*Records for this task*:
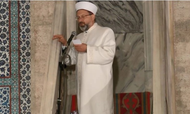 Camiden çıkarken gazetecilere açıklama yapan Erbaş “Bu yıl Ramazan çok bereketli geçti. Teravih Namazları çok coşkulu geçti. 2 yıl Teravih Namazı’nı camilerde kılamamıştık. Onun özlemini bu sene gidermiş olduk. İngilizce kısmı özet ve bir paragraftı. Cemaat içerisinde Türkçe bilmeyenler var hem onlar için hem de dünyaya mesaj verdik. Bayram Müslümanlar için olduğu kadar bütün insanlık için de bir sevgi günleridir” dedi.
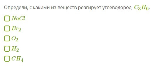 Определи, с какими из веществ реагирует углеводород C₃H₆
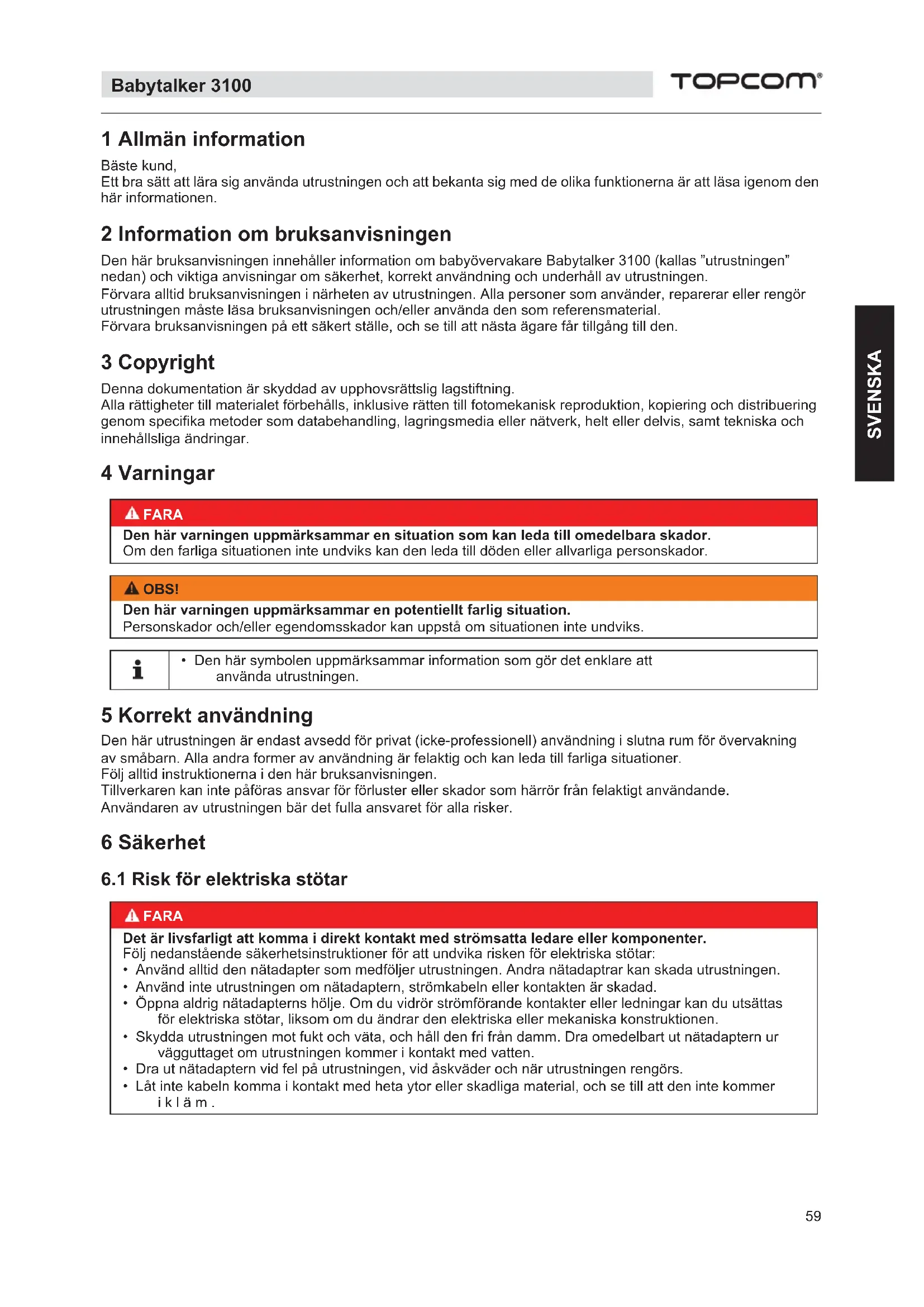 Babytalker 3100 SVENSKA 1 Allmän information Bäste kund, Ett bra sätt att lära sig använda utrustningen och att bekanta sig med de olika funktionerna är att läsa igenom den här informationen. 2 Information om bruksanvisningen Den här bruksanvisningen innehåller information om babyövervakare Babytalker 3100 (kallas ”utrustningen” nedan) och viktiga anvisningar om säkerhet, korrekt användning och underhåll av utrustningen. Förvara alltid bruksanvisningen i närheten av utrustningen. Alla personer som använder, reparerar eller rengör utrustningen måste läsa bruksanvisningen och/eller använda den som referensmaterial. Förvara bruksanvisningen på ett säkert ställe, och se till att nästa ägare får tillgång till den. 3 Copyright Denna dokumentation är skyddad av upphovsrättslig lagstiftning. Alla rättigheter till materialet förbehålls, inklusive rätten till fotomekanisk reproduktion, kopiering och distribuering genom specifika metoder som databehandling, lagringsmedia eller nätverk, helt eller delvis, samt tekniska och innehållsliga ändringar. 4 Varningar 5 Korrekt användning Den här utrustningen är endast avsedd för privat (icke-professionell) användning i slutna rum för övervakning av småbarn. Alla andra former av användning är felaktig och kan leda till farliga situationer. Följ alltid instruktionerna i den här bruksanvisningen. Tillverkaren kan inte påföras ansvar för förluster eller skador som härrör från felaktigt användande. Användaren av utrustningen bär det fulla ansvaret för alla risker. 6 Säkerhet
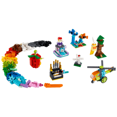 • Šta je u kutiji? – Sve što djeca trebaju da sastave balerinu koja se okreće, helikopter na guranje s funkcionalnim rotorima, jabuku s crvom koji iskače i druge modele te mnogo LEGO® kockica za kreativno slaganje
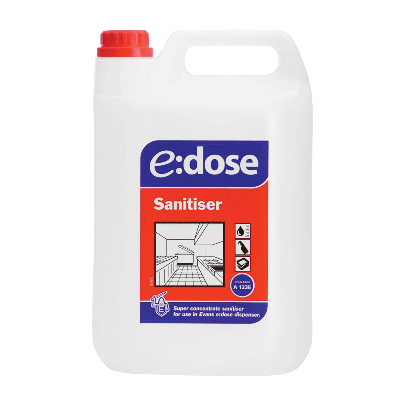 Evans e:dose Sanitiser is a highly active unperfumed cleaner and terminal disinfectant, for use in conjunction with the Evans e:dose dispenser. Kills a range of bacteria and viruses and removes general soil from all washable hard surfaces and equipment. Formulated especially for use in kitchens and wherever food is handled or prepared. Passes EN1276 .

...

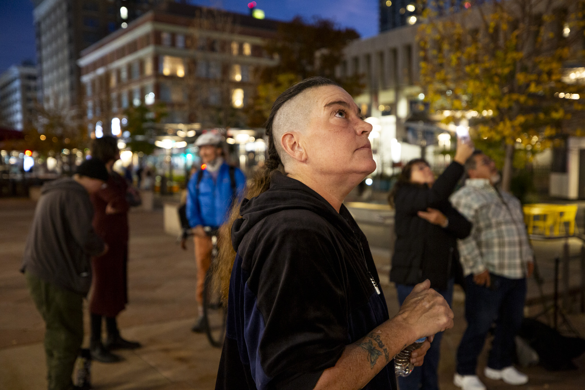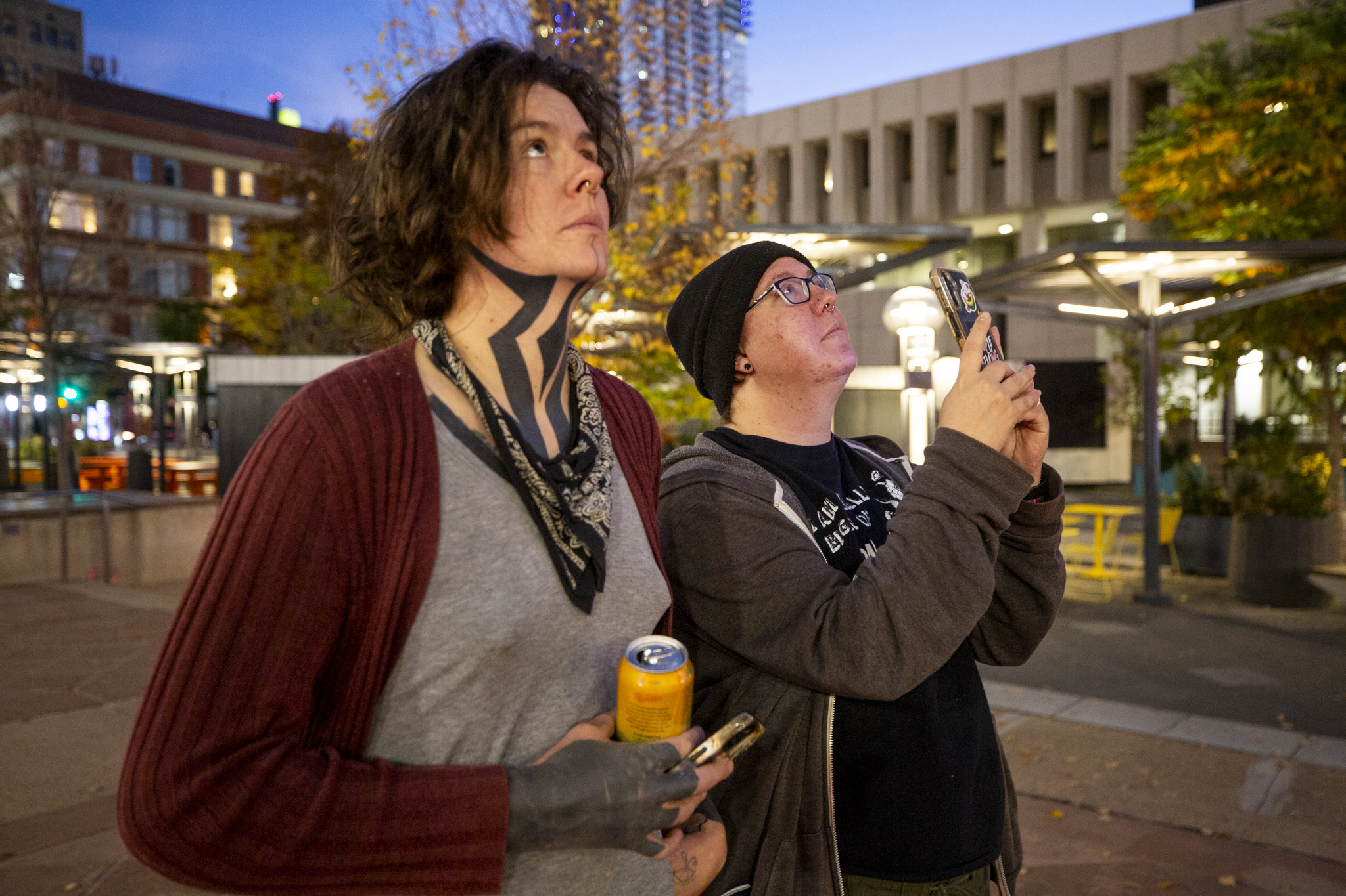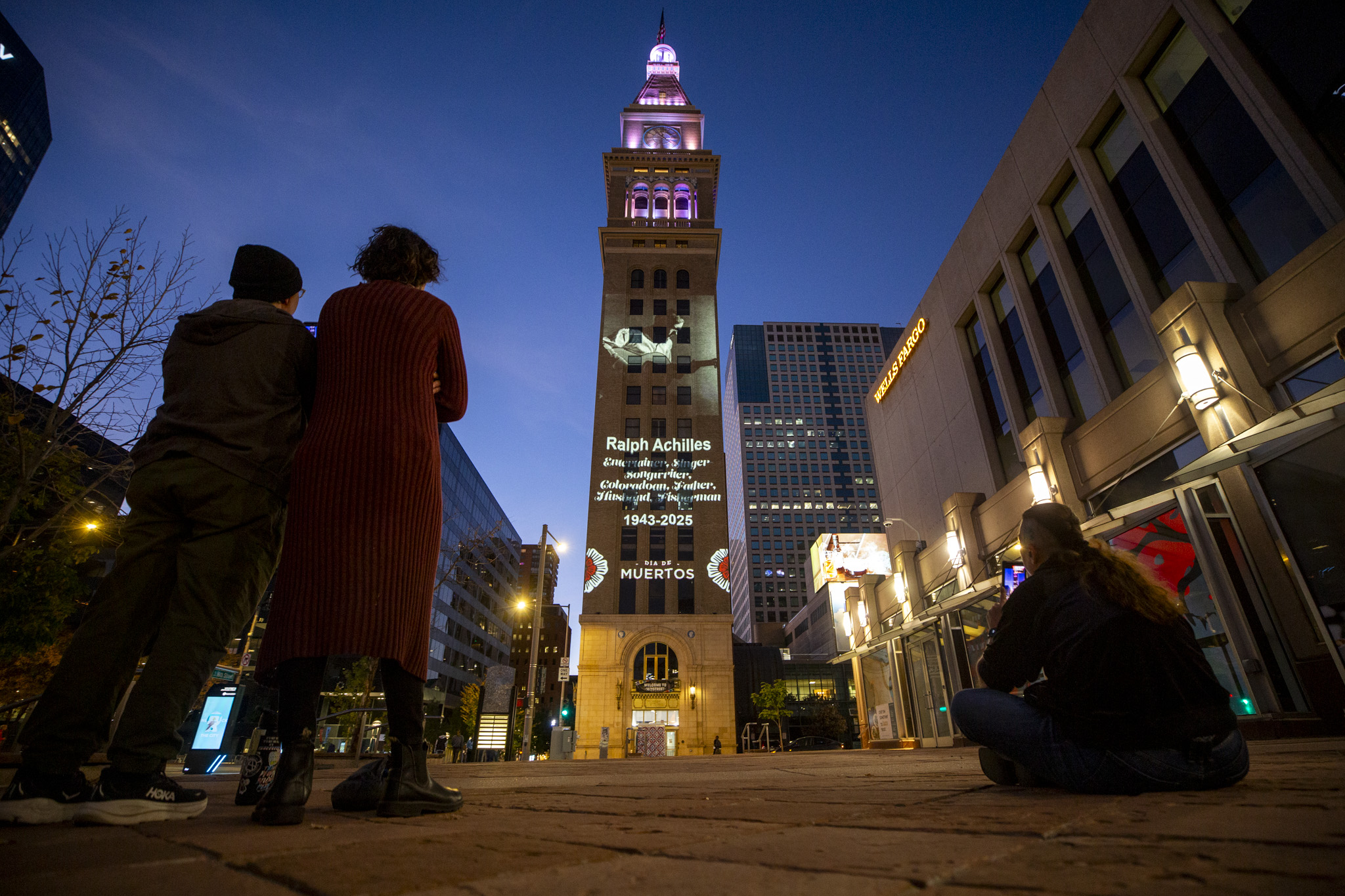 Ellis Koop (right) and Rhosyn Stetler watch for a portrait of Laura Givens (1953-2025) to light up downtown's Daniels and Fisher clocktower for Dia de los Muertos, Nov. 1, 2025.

==

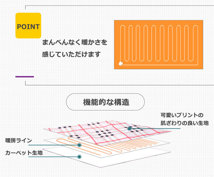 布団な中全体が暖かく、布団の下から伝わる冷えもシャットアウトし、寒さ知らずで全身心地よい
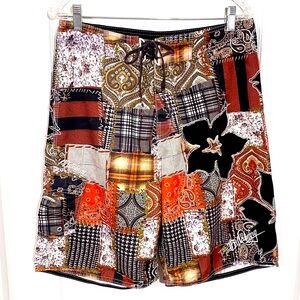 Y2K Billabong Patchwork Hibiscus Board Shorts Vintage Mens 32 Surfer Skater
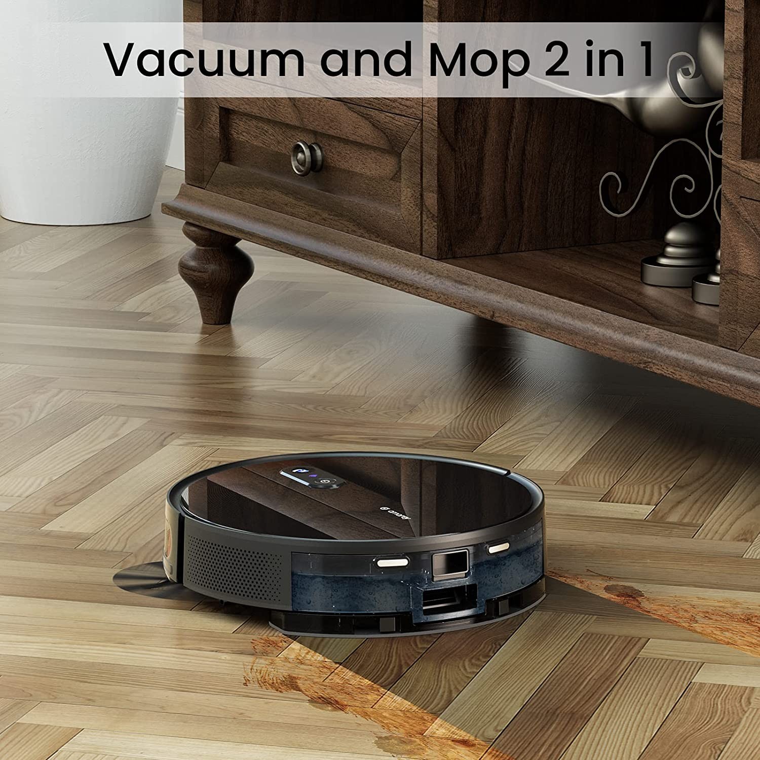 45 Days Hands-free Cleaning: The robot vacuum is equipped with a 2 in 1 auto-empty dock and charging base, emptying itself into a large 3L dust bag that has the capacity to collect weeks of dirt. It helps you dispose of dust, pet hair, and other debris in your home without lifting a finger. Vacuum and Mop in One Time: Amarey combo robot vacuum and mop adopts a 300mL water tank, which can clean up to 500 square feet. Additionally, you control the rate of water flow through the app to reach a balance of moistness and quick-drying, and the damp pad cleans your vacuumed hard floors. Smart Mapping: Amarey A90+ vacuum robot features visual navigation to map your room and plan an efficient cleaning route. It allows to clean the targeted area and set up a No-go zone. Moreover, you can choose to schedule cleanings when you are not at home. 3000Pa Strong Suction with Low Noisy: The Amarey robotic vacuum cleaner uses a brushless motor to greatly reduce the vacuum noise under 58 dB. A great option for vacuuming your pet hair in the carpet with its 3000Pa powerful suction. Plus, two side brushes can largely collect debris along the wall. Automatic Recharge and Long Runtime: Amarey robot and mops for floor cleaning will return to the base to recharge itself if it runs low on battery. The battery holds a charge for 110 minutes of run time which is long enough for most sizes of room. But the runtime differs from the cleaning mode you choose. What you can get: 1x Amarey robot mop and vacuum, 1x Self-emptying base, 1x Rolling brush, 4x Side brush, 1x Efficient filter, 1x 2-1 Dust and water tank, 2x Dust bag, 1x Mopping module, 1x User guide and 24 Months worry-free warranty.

*Work to complete*: Please copy the lines above exactly, starting at the line that holds "Camiden çıkarken gazetecilere" and ending at the line that holds "Определи, с какими"; include both, but no pictures.

*Exercise solution*:
 Camiden çıkarken gazetecilere açıklama yapan Erbaş “Bu yıl Ramazan çok bereketli geçti. Teravih Namazları çok coşkulu geçti. 2 yıl Teravih Namazı’nı camilerde kılamamıştık. Onun özlemini bu sene gidermiş olduk. İngilizce kısmı özet ve bir paragraftı. Cemaat içerisinde Türkçe bilmeyenler var hem onlar için hem de dünyaya mesaj verdik. Bayram Müslümanlar için olduğu kadar bütün insanlık için de bir sevgi günleridir” dedi.
 Определи, с какими из веществ реагирует углеводород C₃H₆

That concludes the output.